Labour's great mistake, Marr believes, was to believe that journalists would then move on and treat the new government with attention and respect.

"John [Lloyd] cuts out the political reasons behind his political narrative and therefore throws far too much blame onto editors and reporters for what happened," says Marr, who was editor of The Independent for two years from 1996.

In his book My Trade, Marr admits that he did not see himself as a grade-A editor. He concedes wistfully that he rather hoped that people all over London would contradict him and insist that he had been a wonderful editor after all. But there was silence.

He recalls advice on the subject from Sir Simon Jenkins, who told him there were people who liked to achieve things through others, through management, and there were the egotists who like hopping around at the front of the stage.

"He told me I was one of the latter and he was absolutely right about it," says Marr, who is nonetheless proud of his difficult days editing The Independent when ownership was split between David Montgomery's Mirror Group and Sir Anthony O'Reilly's Independent News and Media group. Marr's demise came after he opposed a Montgomery plan to get rid of most of the paper's sub-editors to cut costs.

"If I had agreed the package of cuts, I think The Independent would not have survived as a proper newspaper. I had to fight. I had to be fired," says Marr, who believes there was a good outcome. The row provoked, he believes, a crisis within Mirror Group, which allowed Sir Anthony to take over.

The front-of-stage egotist side of his character can get him into even worse jams than editing. The most colourful example was his public pronouncements at the Hay-on-Wye literary festival that newsreaders were overpaid for what they do.

He had been asked whether people in the media were overpaid. Self-deprecatingly he agreed that he probably wasn't worth what he received, but then he went that step further by saying that he had never quite understood "why reading an autocue, however adeptly, earns you quite as much money" and he was greeted with laughter and applause.

"I have a natural tendency to burble on at length. I am a show-off. Everybody in television is a show-off and I like people to respond to pirouetting sentences. It was a stupid thing to say," says Marr, who had to quickly fire off contrite e-mails to the autocue readers.

He stands by more recent controversial statements criticising many MPs for their inability to speak "crisply, clearly, vividly". They should learn to speak "fluent human", Marr advised.

As he moves towards his new life, where the phones are a little less likely to ring 24 hours a day, Marr's new work schedule is unlikely to leave him time to get bored.

Friday through to Sunday will be largely devoted to Sunday AM and then it is straight into Start The Week on Radio 4 on Monday mornings. Start The Week requires a lot of research. Marr takes the view that if someone has written a book and comes onto the programme, he ought to have read it rather than rely on briefing notes.

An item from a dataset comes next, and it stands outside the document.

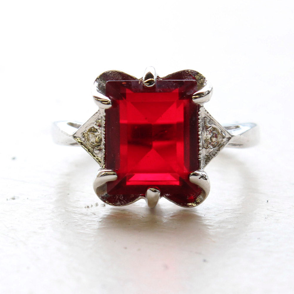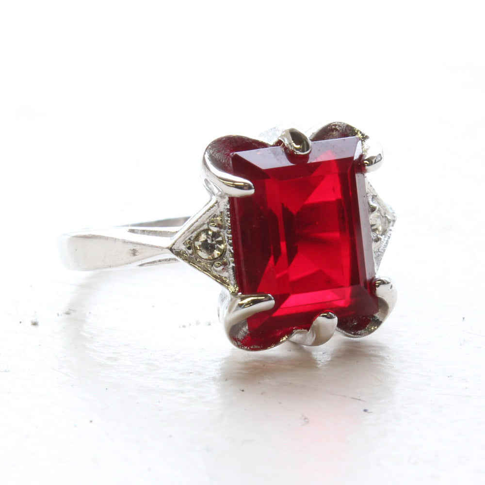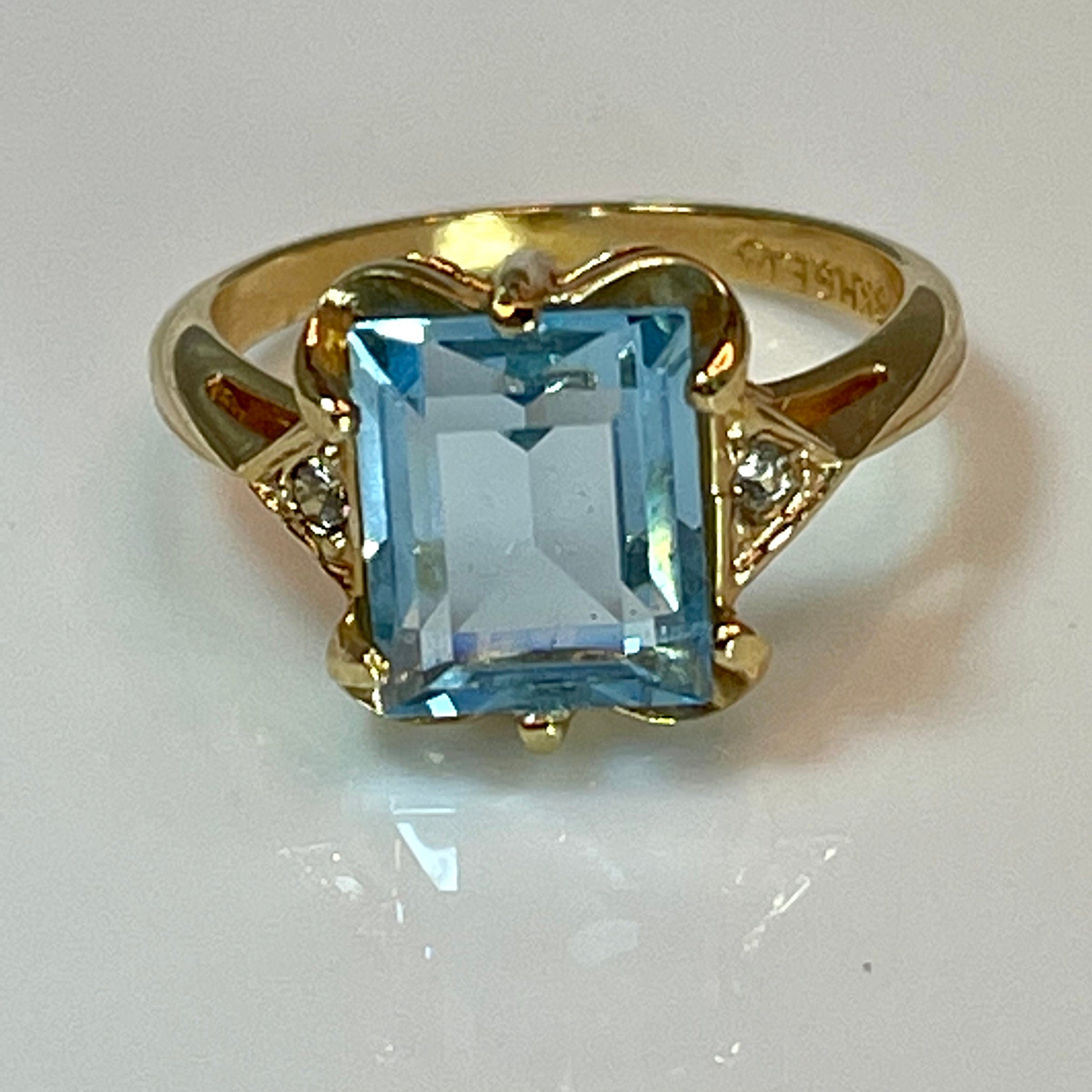 Vintage Ring Emerald Cut Blue Topaz Crystal 18kt Yellow Gold Eectroplated Ring December Birthstone

Then the middle of the week will be devoted to making television documentaries. "I am going to have to be pretty disciplined," says Marr, an obsessive runner who pounds out up to 25 miles a week and has successfully completed the Amsterdam marathon.

But will his new change of life be a middle-distance challenge or more like a Frost marathon?

"If it suits, I can see myself doing this for a long time. If it suits the BBC, that is. If it suits both of us," says Marr with a diplomatic smile.